BTW, I'm running sensitivity calculation. It has been hanging there for a day. Thank you very much for your help.

Re: MPI run does not stop using Torque

Posted: Sat Oct 21, 2017 4:53 pm
by Jaakko Leppänen
What about the run-time log?

Re: MPI run does not stop using Torque

Posted: Sat Oct 21, 2017 6:36 pm
by drvcj
Hi,

Here is the run time log.

Code: Select all

------------------------------------------------------------

Serpent 2.1.29 -- Static criticality source simulation

Title: "DLFR-Core"

Active cycle  500 / 500  Source neutrons :  7981

Running time :                  6:30:02
Estimated running time :        6:30:02
Estimated running time left :   0:00:00

Estimated relative CPU usage :    99.5%

k-eff (analog)    = 1.03990 +/- 0.00066  [1.03861  1.04119]
k-eff (implicit)  = 1.04034 +/- 0.00027  [1.03981  1.04088]
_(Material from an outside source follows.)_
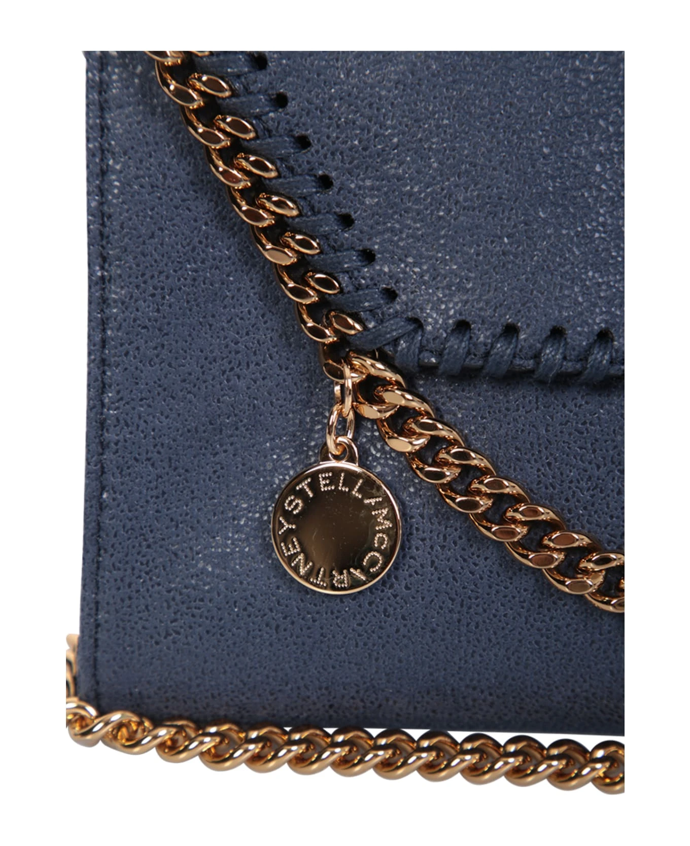 Chain-link shoulder strap. Front flap fastening. Magnetic fastening. Main compartment. Internal slip pocket. Logo charm. Gold-tone hardware. Color. blue

(O4) (SENS) (MPI=1) (OMP=1)
------------------------------------------------------------

Transport cycle completed in 4.44 hours.
Note there is another "completion" section 206 lines above the bottom:

Code: Select all

------------------------------------------------------------

Serpent 2.1.29 -- Static criticality source simulation

Title: "DLFR-Core"

Active cycle  500 / 500  Source neutrons :  7981

Running time :                  6:05:09
Estimated running time :        6:05:09
Estimated running time left :   0:00:00

Estimated relative CPU usage :    98.6%

k-eff (analog)    = 1.03990 +/- 0.00066  [1.03861  1.04119]
k-eff (implicit)  = 1.04034 +/- 0.00027  [1.03981  1.04088]

(O4) (SENS) (MPI=1) (OMP=1)
------------------------------------------------------------

Transport cycle completed in 4.35 hours.

Re: MPI run does not stop using Torque

Posted: Tue Oct 24, 2017 12:56 pm
by Jaakko Leppänen
The "MPI=1" suggests that you may be running multiple independent calculations instead of a single MPI-parallelized calculation. See: http://serpent.vtt.fi/mediawiki/index.p ... t_MPI_mode

Re: MPI run does not stop using Torque

Posted: Wed Oct 25, 2017 3:23 am
by drvcj
Thanks for the explanation.

I compiled Serpent 2 with the following option

Code: Select all

# GNU Compiler:

CC       = gcc
CFLAGS   = -Wall -ansi -ffast-math -O3
LDFLAGS  = -lm

# Parallel calculation using Open MP:

CFLAGS  += -DOPEN_MP
CFLAGS  += -fopenmp
LDFLAGS += -fopenmp

# This is needed in newer gcc versions to supress some unnecessary warnings

CFLAGS += -Wno-unused-but-set-variable

# Remove this if compilation with mpicc produces unnecessary warnings

CFLAGS += -pedantic
And at the same time, I also turned on

Code: Select all

# Parallel calculation using MPI:

# NOTE: The use of hybrid MPI/OpenMP mode requires thread-safe MPI
#       implementation. Some MPI implementations, such as some versions (?) of
#       Open MPI are not thread safe, which will cause problems in memory
#       management routines (calloc, realloc and free). These problems may
#       result in failure in memory allocation or unexpected behaviour due to
#       corrupted registers (?).

CC       = mpicc
CFLAGS  += -DMPI
The calculation is then executed by "sss2 -mpi N". To be honest, I'm not sure if the MPI messes things up. I'm going to run a case with "sss2 -omp N".